Hará cosa de 15 años, vivía en una aldea de las montañas del Jura, en Suiza, un hombre entregado al vicio de la bebida, batallador violento de carácter, que era la vergüenza de su familia y el terror de sus vecinos.
Más de una vez en el calor de una disputa, había herido con el puño y aún con un cuchillo, a su contrincante, y por estas fechorías había pasado largos meses dentro de la cárcel, sin que su genio se hubiese amansado en lo más mínimo.
Era conocido en toda la comarca como el bandido, y ese mote lo tenía bien merecido.
No lejos de su casa en una humilde vivienda de obreros, se venían celebrando hacía algún tiempo reuniones religiosas presididas por cristianos de los alrededores, y en las cuales ya se habían verificado algunas conversiones.
Una noche en el momento en que se iba a dar principio a la reunión, la hija de la casa, como impelida por una inspiración, exclamó de repente:
- ¡Si yo fuera a invitar al bandido!
- Y sin esperar la respuesta se echó a correr y llamó a la puerta.
- ¿Quién llama?
- Yo, N… Vengo a invitarle a asistir esta noche a nuestra reunión de evangelización.
¡Vaya una idea! Yo iba a acostarme; pero espera un instante que voy contigo.
Y en efecto algunos momentos después “el bandido” estaba sentado en la cocina contigua a la sala de reuniones, en cuya cocina solían ocultarse los tímidos Nicodemos.
Nada de particular ofreció la reunión aquella noche, ni en los himnos, ni en las exhortaciones; pero si un soplo del Espíritu Santo paso por las personas reunidas y penetró hasta el rincón de la cocina en el cual el pobre pecador endurecido estaba temblando ya y llorando, implorando la misericordia del Señor.
Aquella misma noche fue transformado en una nueva criatura.

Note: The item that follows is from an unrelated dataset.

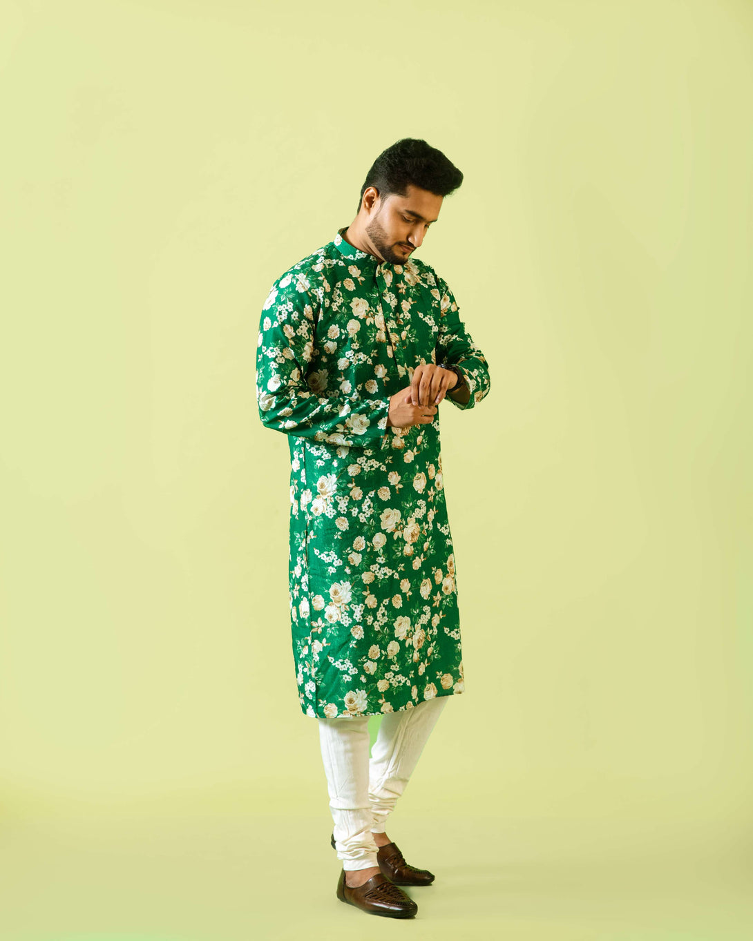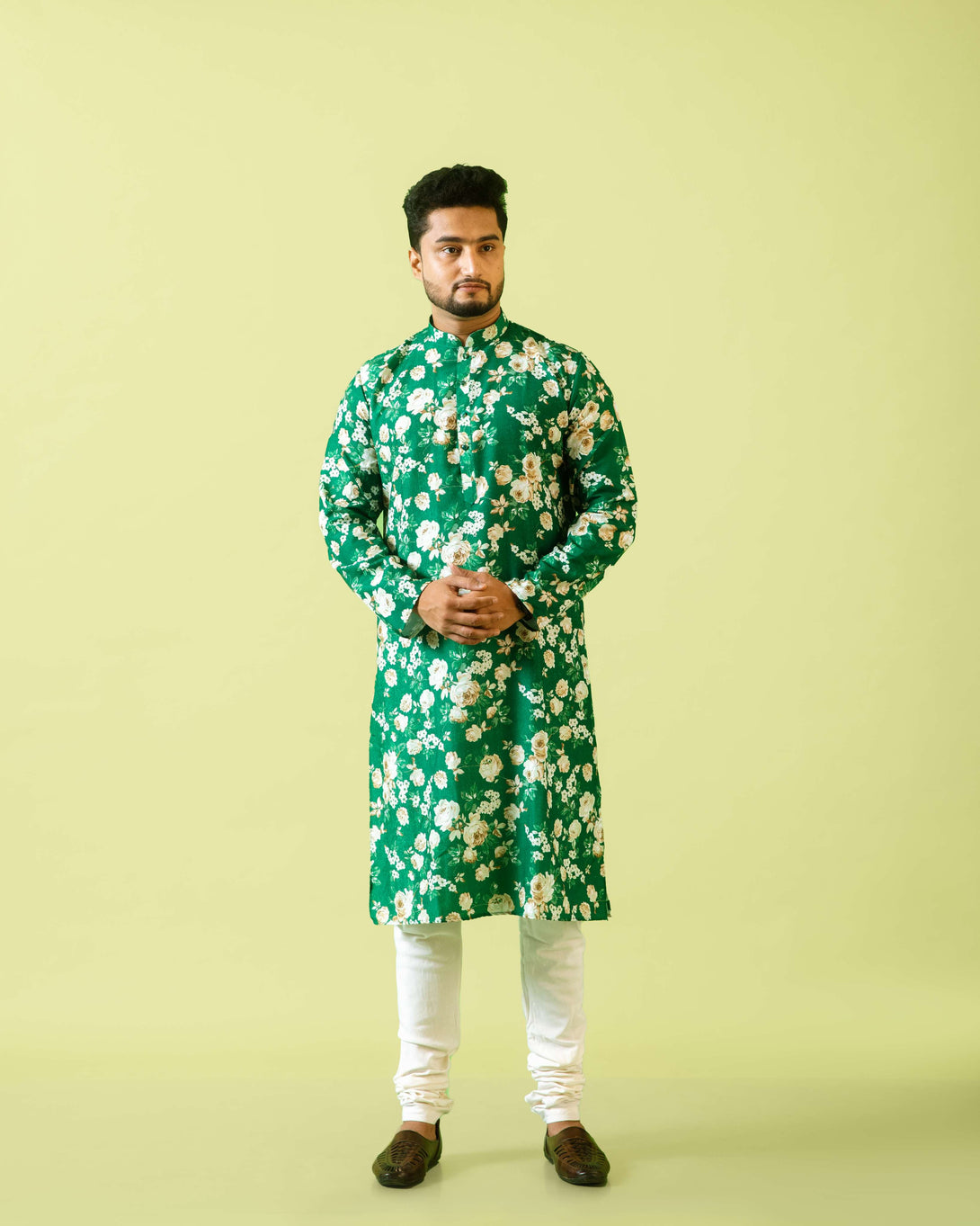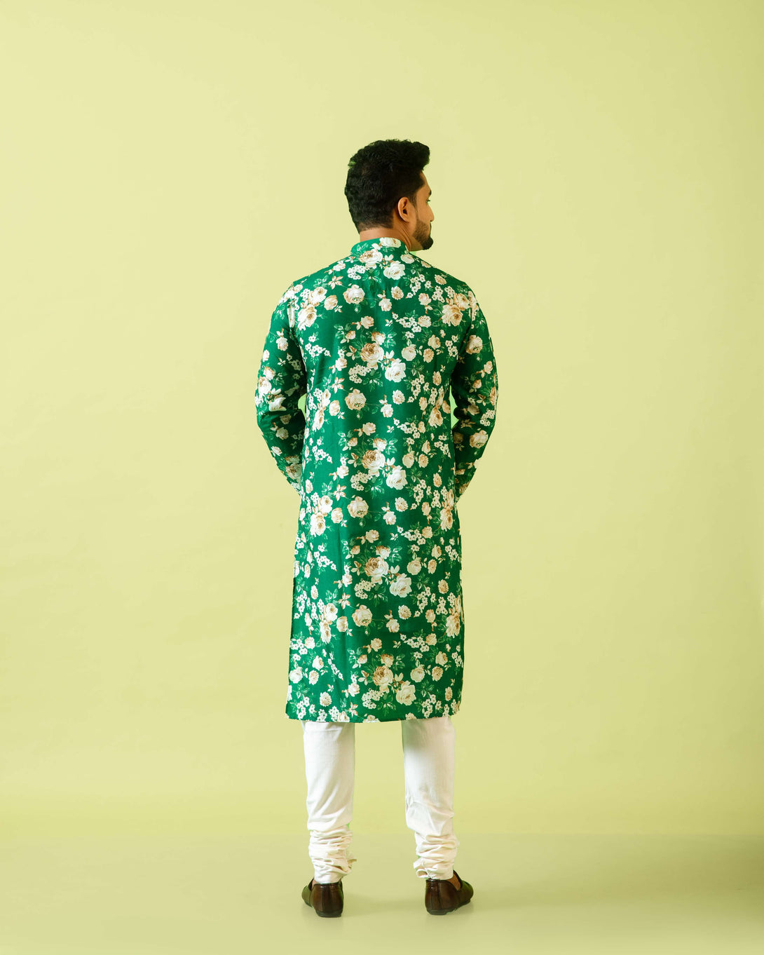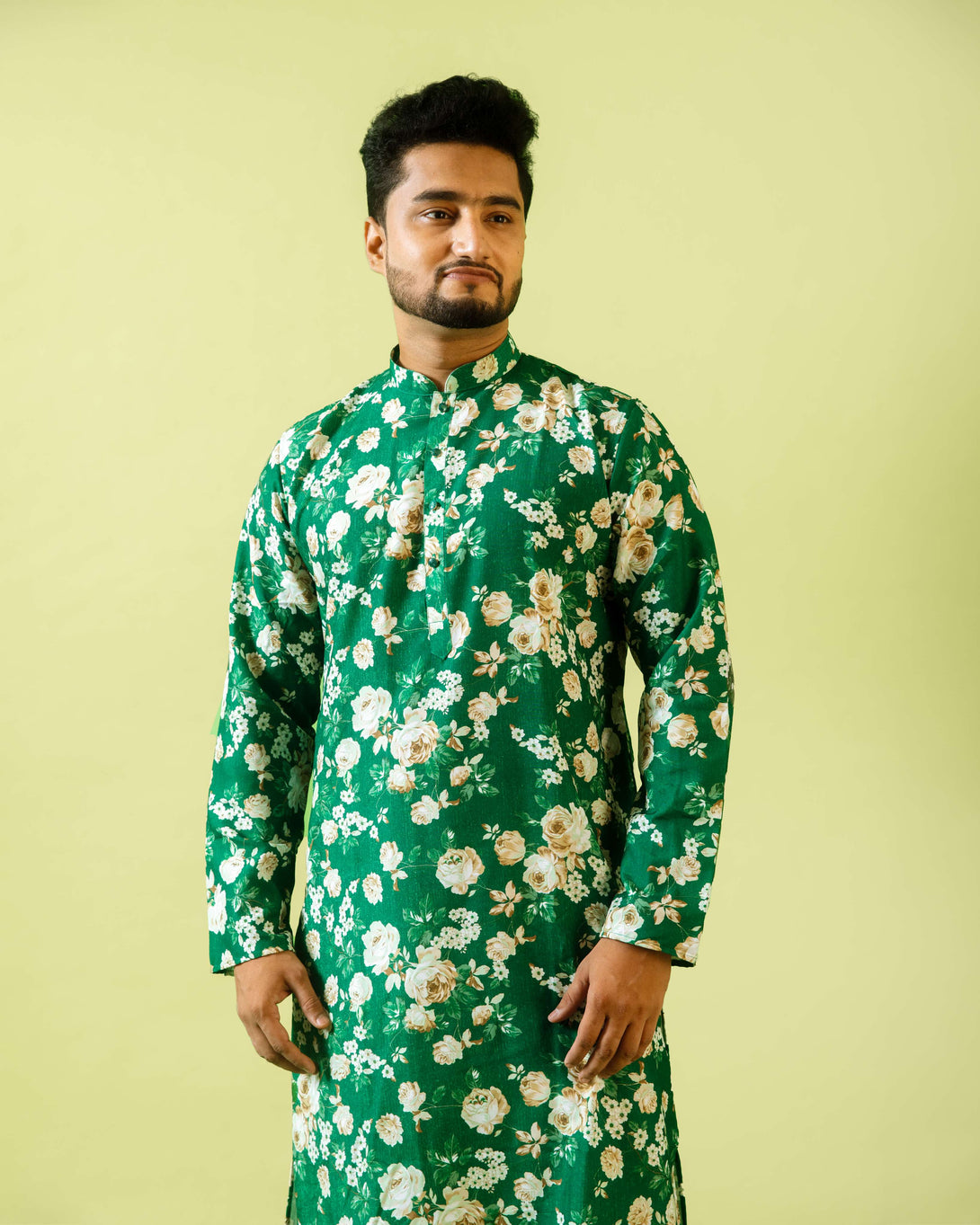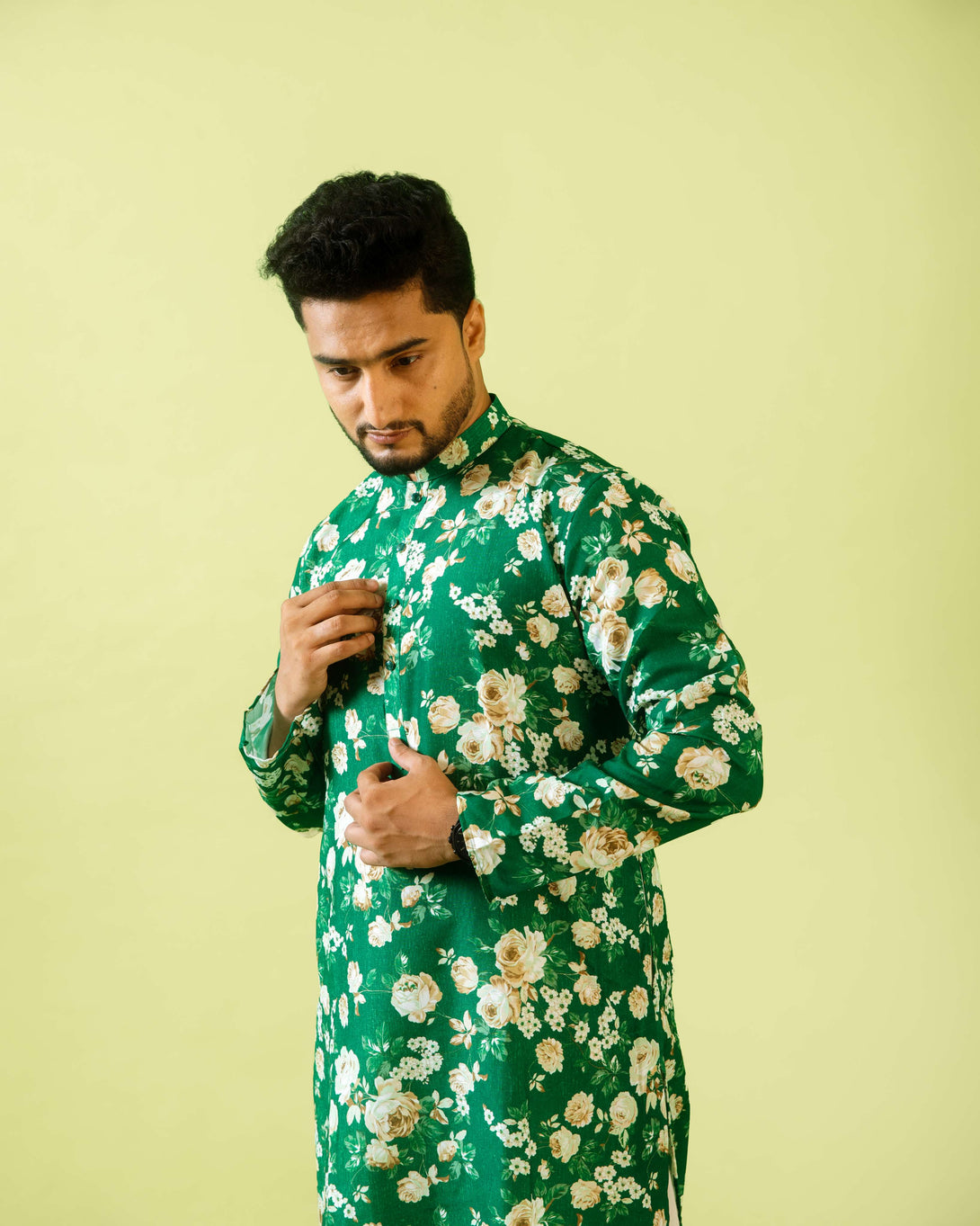 Men's Green Floral Printed Kurta | Cotton Fabric | Casual & Festive Wear

Pasaron meses y años, y aquel a quien las gentes solían apellidar el bandido convertido, no seso en dar en medio de las pruebas de una vida difícil, Fiel testimonio al salvador que le había rescatado, hasta el día que fue llamado a la gloria eterna. El que estas líneas escribe, conversando un día
familiarmente con él, le preguntó:
- ¿Qué edad tiene usted?
- Tres años tengo
- ¡Vaya!, ¿tres años?
- Si tres años porque los años que han precedido a mi conversión no valen la pena ser tenidos en cuenta.
Mi vida empezó el día en que Dios me hizo pasar de la esclavitud de Satanás a la libertad de los hijos de Dios.